In an embodiment the detecting of temporal coherence violations and the determining of at least one pixel of the plurality of pixels as defective are performed iteratively, wherein the corresponding displacement radii are set to smaller values with each iteration. This produces a set of potentially differing results of detected temporal coherence violations, wherein the reduction of applied displacement radii potentially results in increasing coherence violation detection ratios. In this context, a “smaller value” refers to a value smaller than the one used in the preceding iteration. As an example, with each iteration, the previously determined radius is multiplied by a predefined factor smaller than 1.
In another embodiment the detecting of temporal coherence violations and the determining of at least one pixel of the plurality of pixels as defective are performed iteratively, wherein the threshold is increased with each iteration.
For example, the detecting of temporal coherence violations and the determining of at least one pixel of the plurality of pixels as defective can be performed twice. The idea is to carry out dirt detection twice with two different search window radii. In the second iteration the method is modified such that the backward and forward search radius is significantly reduced, resulting in a much higher detection ratio. In other words, for the first pass, i.e. iteration, the threshold is set conservatively, i.e. to enable a low detection rate, in order to prevent misdetections. However, defects may probably only be detected partly in this iteration. For the second iteration a more relaxed threshold is chosen, resulting in more detections and better shape recovery, but increased misdetection rate.
Afterwards, only regions of the second iteration are selected that are confirmed by the first one. For example, in an embodiment where the detecting of temporal coherence violations and the determining of at least one pixel of the plurality of pixels as defective are performed iteratively, the determining of at least one pixel of the plurality of pixels as defective for an iteration further comprises determining at least one subset of said at least one pixel and determining the one or more pixels of the subset as defective only if in the previous iteration at least one corresponding pixel has been determined as defective. In this context, a subset of a single pixel is the pixel itself, whereas otherwise a subset consists of pixels adjacent or in close proximity to each other. A pixel of the previous iteration that corresponds to the subset is a pixel that overlaps with the subset.

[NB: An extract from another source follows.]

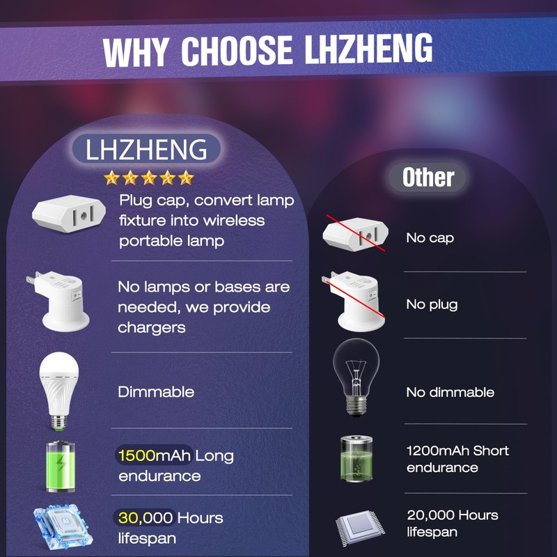 - ► [ 100%/50%/10% Brightness Adjustable ]--Battery mode lasts up to 14 hours, LHZHENG rechargeable battery bulb has 3 duration options: 2-3 hours/7-8 hours/14+ hours.100%/50%/10% Brightness is adjustable, use different brightness in different places.10% for bedroom, 50% for bathroom, 100% for living room.There are 3 ways to adjust the brightness: 1. Adjust the brightness with the button on the hook;2.Use the light switch to adjust the brightness during a power failure ;3.Adjust the brightness with the matching plug in case of power failure.

Besides finding dirt or defective objects at the right position, estimating the correct shape improves the detection result. In an example embodiment the determining of at least one subset comprises performing a morphological reconstruction of the at least one subset. In the embodiment the morphological reconstruction may, for example, comprise dilation, closing and filling or combinations thereof to better identify potentially connected defective regions, e.g. dirt. In other words, the subset is changed by morphological operations before the confirmation by a corresponding potentially defective pixel, i.e. a pixel determined during the previous iteration and overlapping with the subset, is checked. Only those regions or subsets of the last iteration are selected as identified defective that are confirmed by the preceding iteration, whereas others are removed.
While not explicitly described, the present embodiments may be employed in any combination or sub-combination.
For a better understanding, the present principles will now be explained in more detail in the following description with reference to the drawings. It is understood that the present principles are not limited to these exemplary embodiments and that specified features can also expediently be combined and/or modified without departing from the scope of the present principles as defined in the appended claims.
Referring to
In a first step 101 absolute motion values for a plurality of pixels of the frame are determined relative to a preceding frame and to a succeeding frame of the sequence. In other words, an array of forward absolute motion values and an array of backward absolute motion values are determined.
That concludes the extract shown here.